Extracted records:
--- START ---

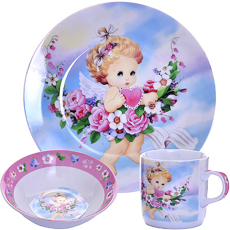 Набор детской посуды: миска 15см, тарелка 17,5, кружка 230мл LORAINE Ангел, фарфор Набор детской посуды: миска 15см, тарелка 17,5, кружка 230мл LORAINE Ангел, фарфор Набор детской посуды: миска 15см, тарелка 17,5, кружка 230мл LORAINE Ангел, фарфор
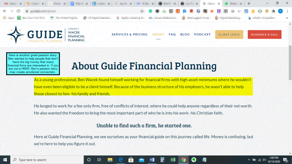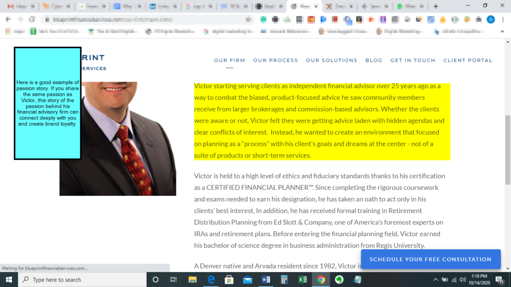 I expected that every financial advisor would tell their passion story on their websites. However, that is not the case.
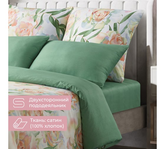Комплект постельного белья Ecotex однотонный сатин/сатин-люкс Моноспейс 1,5 спальный КС1/зеленый
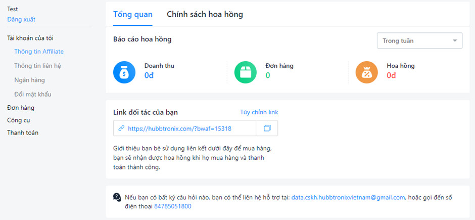 Sau khi đăng ký tham gia thành công, tài khoản đối tác sẽ chuyển về giao diện Thông tin Đối tác tiếp thị online trên website chính hãng HUBBTRONIX.
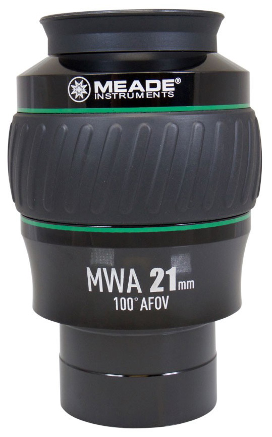Благодаря большому выносу выходного зрачка окуляр Meade MWA 21 мм удобен для тех, кто ведет наблюдения в очках.
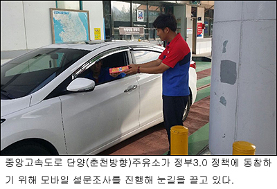 "[쿠키뉴스=박주호 기자] 중앙고속도로 단양(춘천방향)주유소가 정부3.0 정책에 동참하기 위해 QR코드를 활용한 고객 만족도 조사를 벌여 눈길을 끌고 있다.
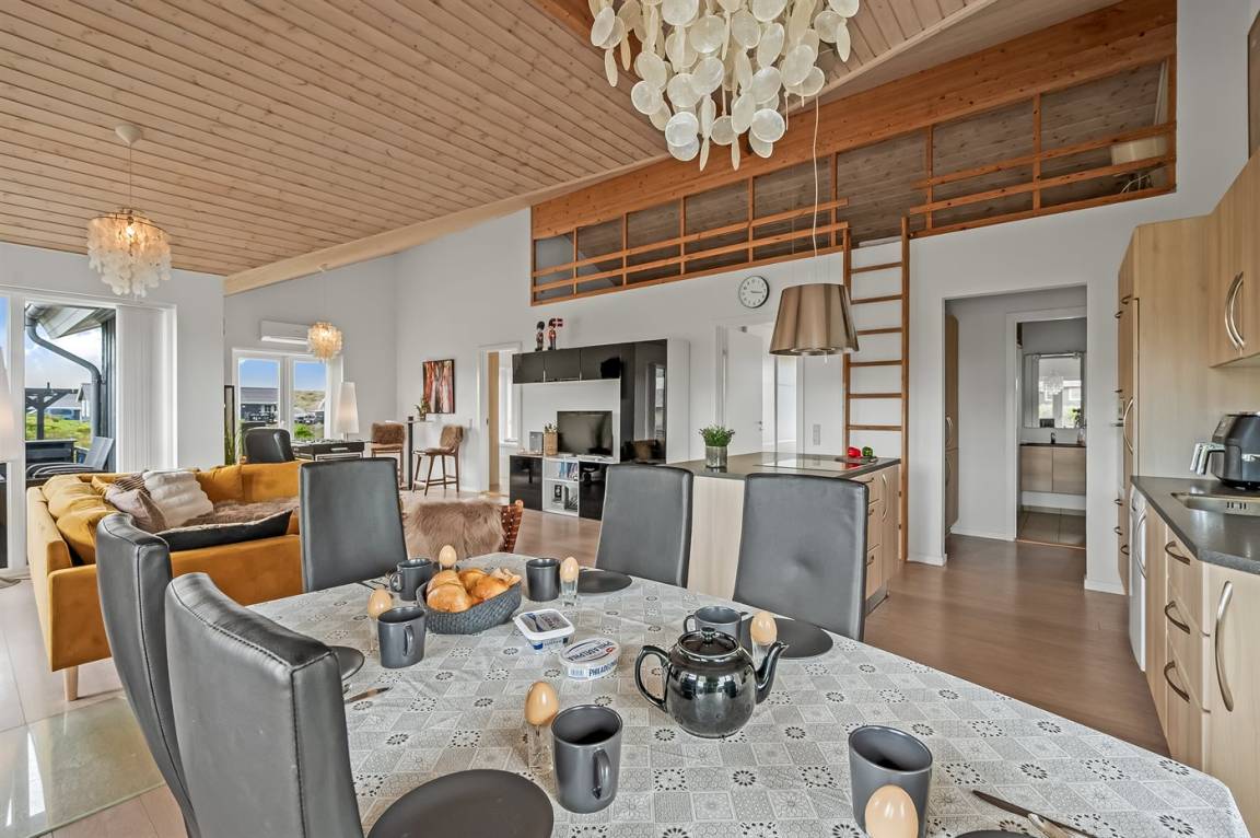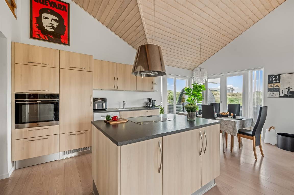 Im Ferienhaus selbst erwartet Sie eine große helle Wohnküche, in der man sich entspannen, gemeinsam Zeit verbringen und Mahlzeiten zubereiten sowie genießen kann. Die Küche ist komplett mit allem ausgestattet, was man zum Zubereiten von leckeren Mahlzeiten braucht.
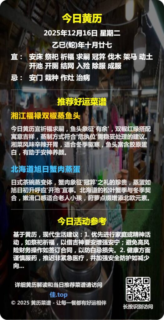 基于黄历,现代生活建议:1. 优先进行家庭或精神活动,如祭祀祈福,以借吉神要安增强安宁;避免高风险财务操作如签订合同,以防白忌损失。2. 健康方面谨慎服药,推迟非紧急医疗,并加强安全防护如减少向西出行;适合启动建设类项目如装修,但需周密计划。3. 利用五行火能量推进工作,但控制冲动,通过冥想或…🌟 更多详细黄历解读和当日推荐菜谱
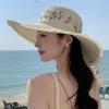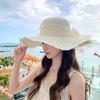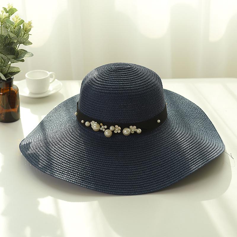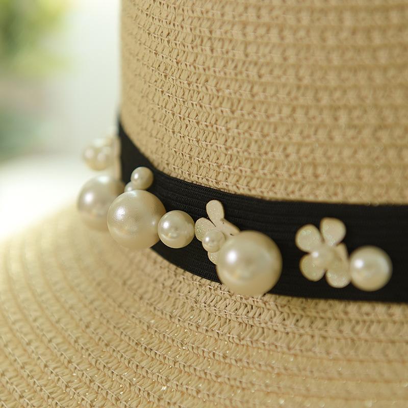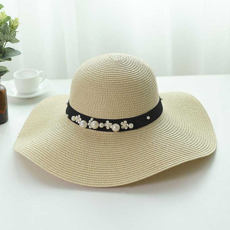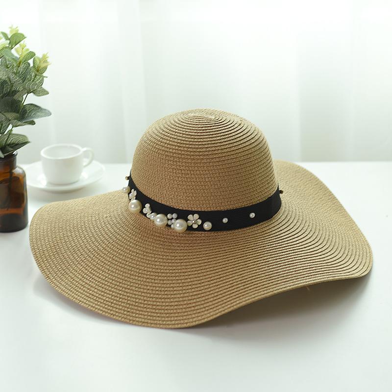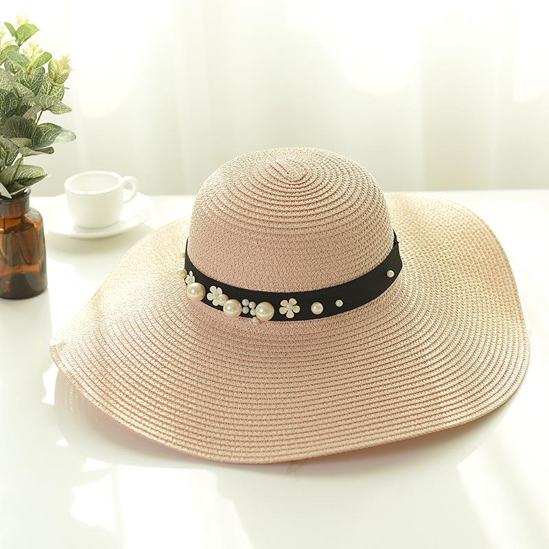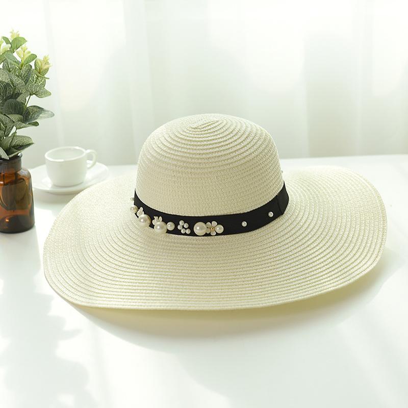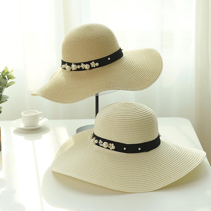 Sombrero de Playa de Verano de Ala Ancha con Protección Solar para Dama, Sombrero de Paja Elegante con Cinta de Perlas, Sombrero de Princesa de Alta Gama con Parasol

--- END ---

Task item
What is needed is an exact restatement of every line from the one containing "벌여 눈길을 끌고 있다." through the last line of the records, pictures left out.

Final answer
 "[쿠키뉴스=박주호 기자] 중앙고속도로 단양(춘천방향)주유소가 정부3.0 정책에 동참하기 위해 QR코드를 활용한 고객 만족도 조사를 벌여 눈길을 끌고 있다.
 Im Ferienhaus selbst erwartet Sie eine große helle Wohnküche, in der man sich entspannen, gemeinsam Zeit verbringen und Mahlzeiten zubereiten sowie genießen kann. Die Küche ist komplett mit allem ausgestattet, was man zum Zubereiten von leckeren Mahlzeiten braucht.
 基于黄历,现代生活建议:1. 优先进行家庭或精神活动,如祭祀祈福,以借吉神要安增强安宁;避免高风险财务操作如签订合同,以防白忌损失。2. 健康方面谨慎服药,推迟非紧急医疗,并加强安全防护如减少向西出行;适合启动建设类项目如装修,但需周密计划。3. 利用五行火能量推进工作,但控制冲动,通过冥想或…🌟 更多详细黄历解读和当日推荐菜谱
 Sombrero de Playa de Verano de Ala Ancha con Protección Solar para Dama, Sombrero de Paja Elegante con Cinta de Perlas, Sombrero de Princesa de Alta Gama con Parasol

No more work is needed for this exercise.